Tic Tac Toe

environment gif

This environment is part of the classic environments. Please read that page first for general information.

Name Value
Actions Discrete
Agents 2
Parallel API false
Manual Control No
Action Shape (1)
Action Values [0, 8]
Observation Shape (3, 3, 2)
Observation Values [0,1]
Import from pettingzoo.classic import tictactoe_v0
Agents agents= ['player_1', 'player_2']

Agent Environment Cycle

environment aec diagram

Tic Tac Toe

Tic-tac-toe is a simple turn based strategy game where 2 players, X and O, take turns marking spaces on a 3 x 3 grid. The first player to place 3 of their marks in a horizontal, vertical, or diagonal line is the winner.

Observation Space

The observation is 2 planes of the 3x3 board. The first plane represents the placement of Xs, and the second plane shows the placement of Os. The possible values for each cell are 0 or 1; in the first plane, 1 indicates that an X has been placed in that cell, and 0 indicates that X is not in that cell. Similarly, in the second plane, 1 indicates that an O has been placed in that cell, while 0 indicates that an O has not been placed.

Action Space

Each action from 0 to 8 represents placing either an X or O in the corresponding cell.
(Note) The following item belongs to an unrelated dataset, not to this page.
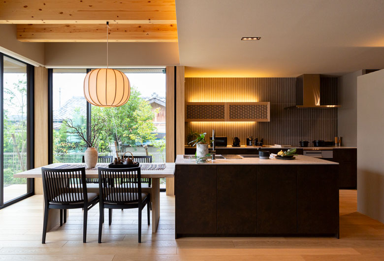 現代の暮らしを配慮した設計に、伝統的な組子や塗り壁、鉄を取り入れ、自然の変化とともに素材の変化をいつくしむ、モダンと和の融合した恒久的に親しめる住まいとなっております。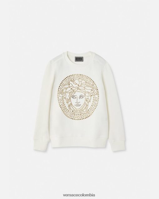 Confeccionada con algodón orgánico, esta sudadera de cuello redondo está adornada con una medusa con tachuelas en tono dorado. el estilo presenta tejidos de canalé.

The cells are indexed as follows:

0 | 3 | 6
_________

1 | 4 | 7
_________

2 | 5 | 8

Rewards

Winner Loser
+1 -1

If the game ends in a draw, both players will receive a reward of 0.

The legal moves available for each agent, found in env.infos[agent]['legal_moves'], are updated after each step. Taking an illegal move ends the game with a reward of -1 for the illegally moving agent and a reward of 0 for all other agents.